Task to complete:
Only some lines are wanted: please transcribe exactly those from the one containing "1982 Pontiac Grand" through the end of the data, pictures excluded.

Data to examine:

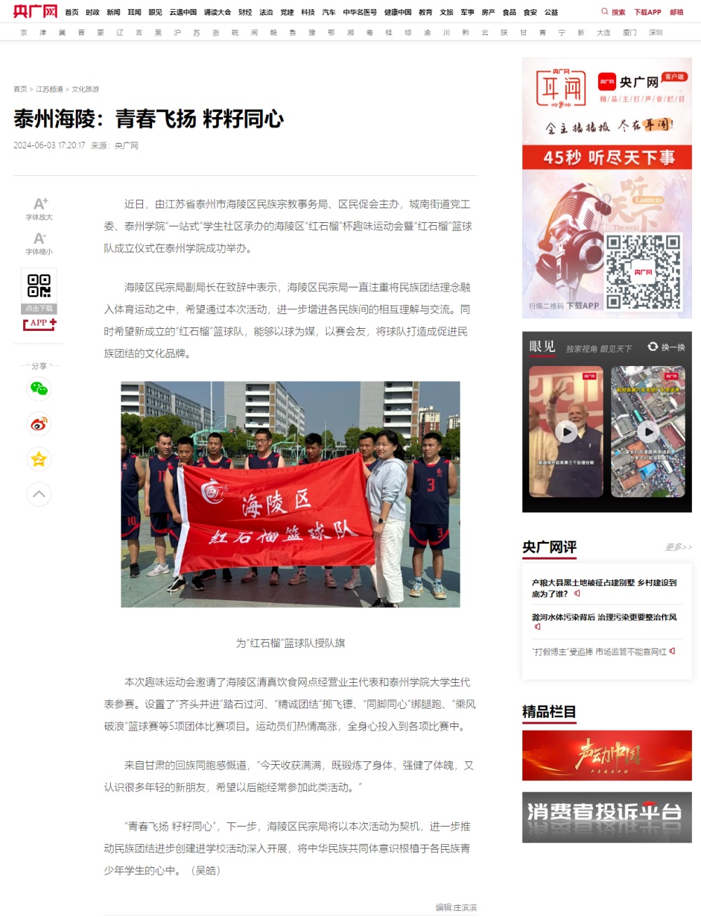 《央广网》2024年6月3日报道在bat365举办的海陵区“红石榴”杯趣味运动会暨“红石榴”篮球队成立仪式,报道题为:《泰州海陵:青春飞扬 籽籽同心》,报道链接:https://js.cnr.cn/whly/20240603/t20240603_526728459.shtml
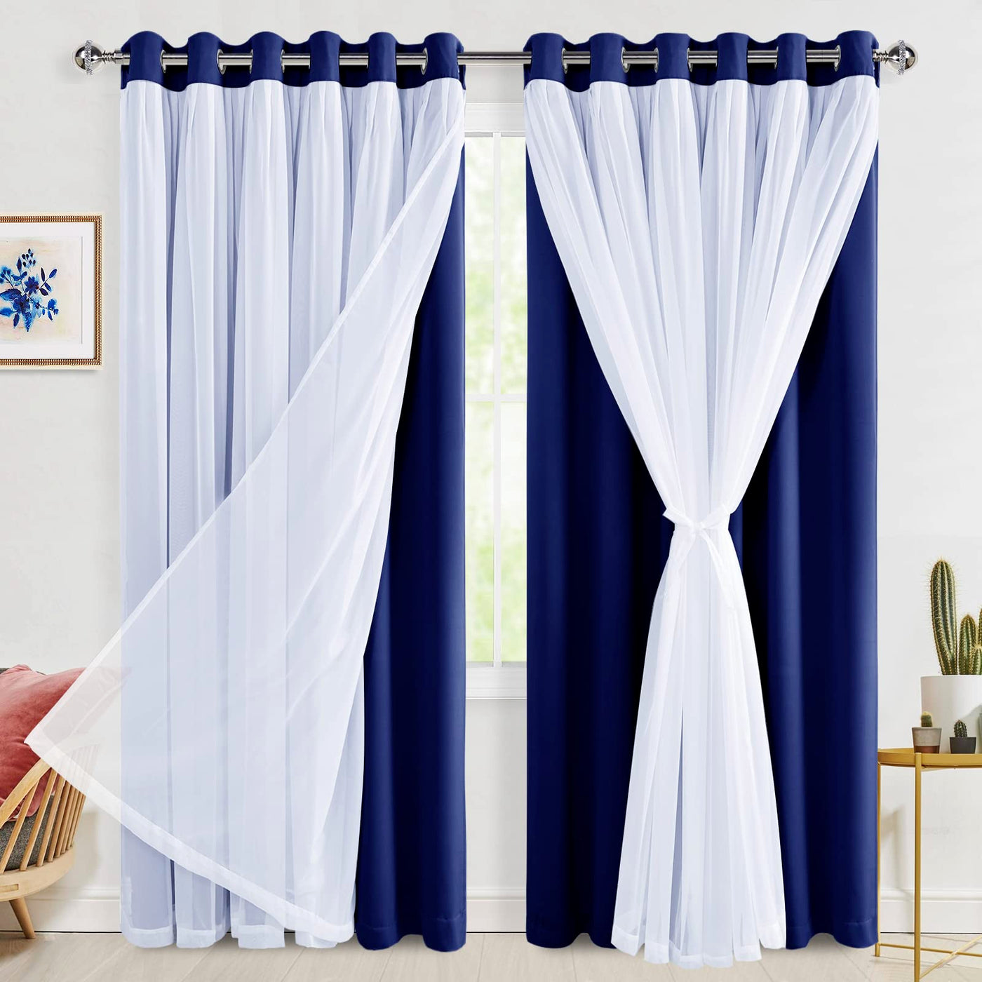 Hiasan Blackout Curtains With Sheer Overlay 84 Inches Long, Thermal Insulated Double Layer Window Curtains For Bedroom, Living R
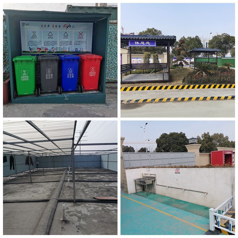除此之外,生活區(qū)還設(shè)置有垃圾分類專區(qū),衣物晾曬區(qū)、鞋子晾曬區(qū)、專門的生活區(qū)抽煙亭等。同時(shí)設(shè)置講評(píng)臺(tái),用于班組的日常活動(dòng),每日晨會(huì),給班組反復(fù)增加安全教育,提醒安全事項(xiàng)。生活區(qū)的有序管理也是工地施工現(xiàn)場管理中的重要環(huán)節(jié),舒適溫馨的環(huán)境有助于工地整體面貌的提升,令人心情愉悅的同時(shí),可有效避免安全事故的發(fā)生,起到事半功倍的目的。
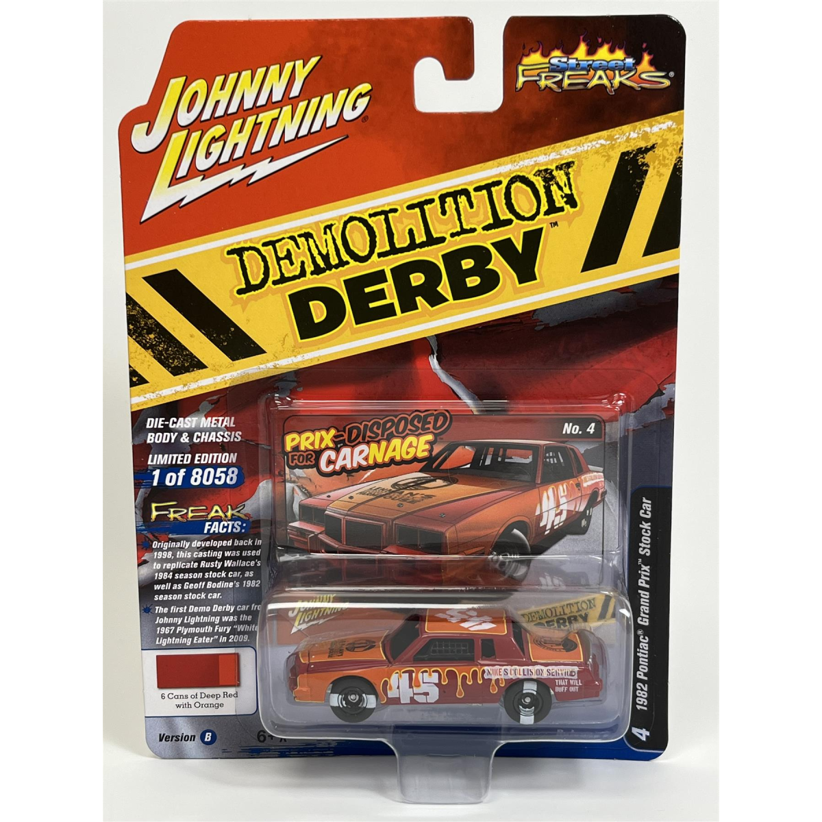1982 Pontiac Grand Prix Stock Car 6 Cans of Deep Red with Orange 1:64 Johnny Lightning JLSF024B
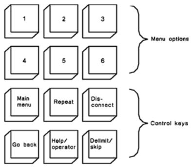 The following diagram shows the industry standard telephone keypad layout for IVR (Interactive Voice Response) systems. The numbers 1 to 6 are used for standard Menu options and the numbers 7 to 0 and the * and # function keys are used for other control commands as described on the relevant keys.
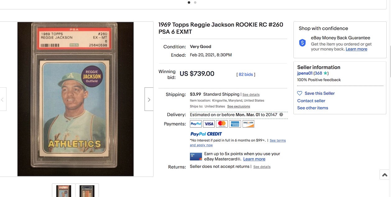A 1969 Topps PSA 6 Reggie Jackson sold on eBay on February 20, 2021, for $739 | $450 - $650 |
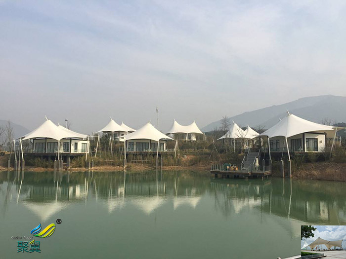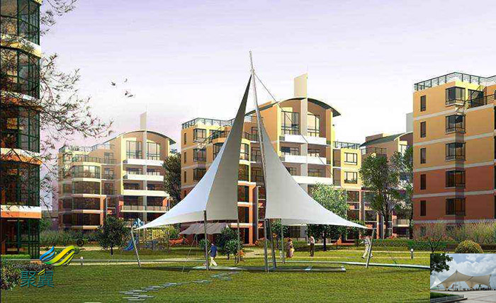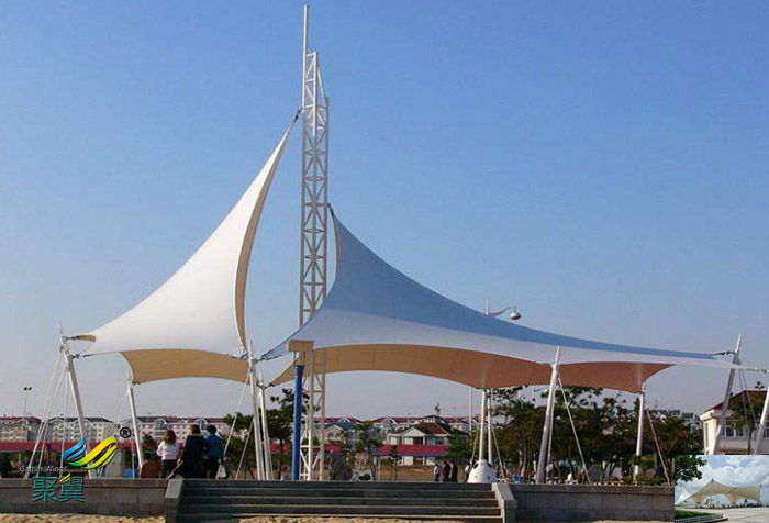 2. 景觀張拉膜結構藝術性:除了通常雨蓬不行比較的實用、經用、遮風擋雨的功能外,膜結構雨蓬更是一座雕塑,一件藝術品,給人美的視覺享受。其柔美,其曲線,其剛柔并濟,其豐富外型,其潔白無瑕,讓人眼前一亮,回味悠長。

Task answer:
1982 Pontiac Grand Prix Stock Car 6 Cans of Deep Red with Orange 1:64 Johnny Lightning JLSF024B
 The following diagram shows the industry standard telephone keypad layout for IVR (Interactive Voice Response) systems. The numbers 1 to 6 are used for standard Menu options and the numbers 7 to 0 and the * and # function keys are used for other control commands as described on the relevant keys.
A 1969 Topps PSA 6 Reggie Jackson sold on eBay on February 20, 2021, for $739 | $450 - $650 |
 2. 景觀張拉膜結構藝術性:除了通常雨蓬不行比較的實用、經用、遮風擋雨的功能外,膜結構雨蓬更是一座雕塑,一件藝術品,給人美的視覺享受。其柔美,其曲線,其剛柔并濟,其豐富外型,其潔白無瑕,讓人眼前一亮,回味悠長。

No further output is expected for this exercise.